Malaise: noun - a vague or unfocused feeling of mental uneasiness, lethargy, or discomfort.
You know, I'm starting to wonder if this cold and cloudy weather has something to do with my mood. I've never been one of those 'aw, shucks' kind of cloudy day guy; in fact, I love rain and thunderstorms. But I'm so tired of the cold. It's supposed to warm up a bit this week and I cannot articulate how pleasing that is to me.
I went out last night. One of my best friends sent me a text letting me know he was playing a local music show and I replied with my usual, "I may show up" non-committal response. I didn't want to go anywhere. I just wanted to stay in my house and wander aimlessly. But, no, that's not right. That's depressing. I didn't want to do that either. What DID I want to do? I then realized I didn't want to be ANYWHERE. This realization led me to the decision that I'd rather be around friends than just myself, and went to the show. It was a local battle of the bands competition with several poor acts and a few decent ones. I spent most of the time standing around on my own, as concerts lend themselves to. I was beginning to think I'd made the wrong decision.
However, once the last band wrapped, a plan formed to grab a bite to eat with my friends. I happily drove us to a local eatery and enjoyed an exceedingly normal late night meal, talking about random stuff and experiencing life as it used to be. Afterwards, I thanked them for their time and returned home. I felt better.

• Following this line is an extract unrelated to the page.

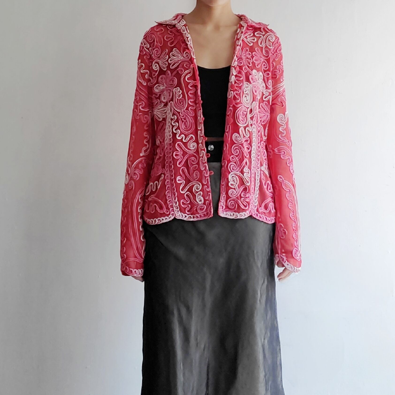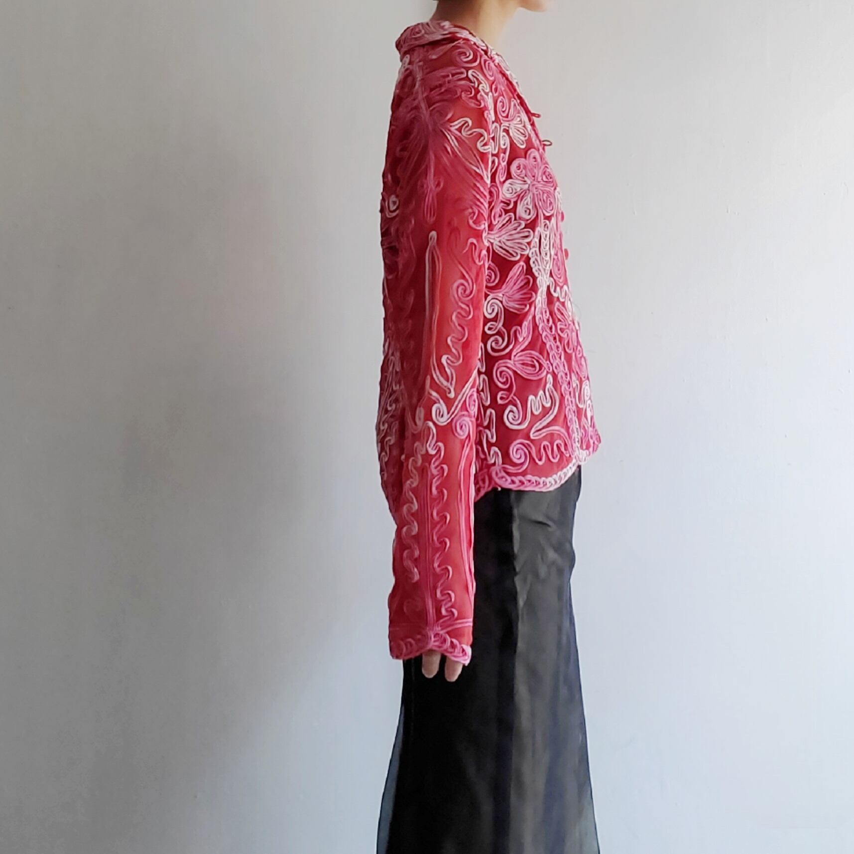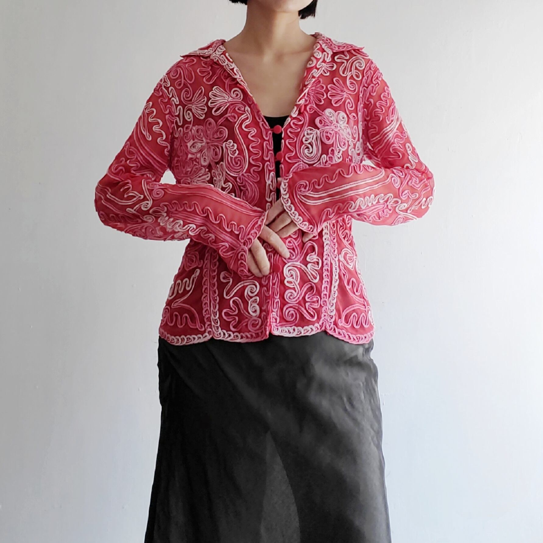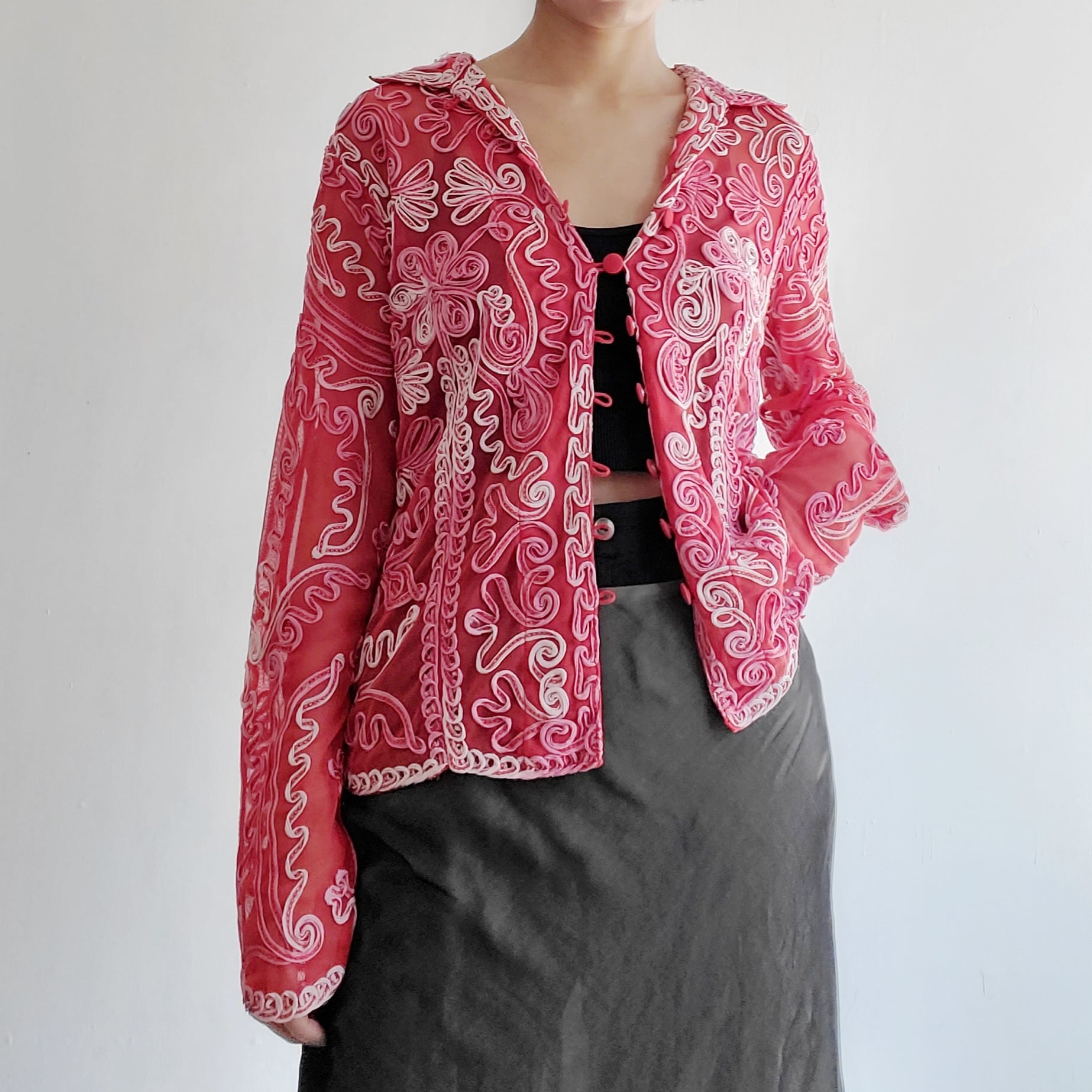 コード刺繍のシースルーメッシュジャケット。ベースカラーは赤ですがコードはピンク~白のグラデーションになって花柄が描かれています。オールシーズン様々なコーデに活用できるアイテムです。

I awoke this morning to the familiar feeling of unease and general lethargy. I felt the return of unfounded paranoia into my thinking and lack of satisfaction out of the state of things; I made another decision. I'm seeing a grief counselor on Monday morning. I have no frame of reference to this; maybe I'm doing well, maybe I'm not. A friend at work lost their spouse last year and spoke very highly of their experience with my workplace's employee assistance program. I am thankful to have it, and am looking forward to my first appointment.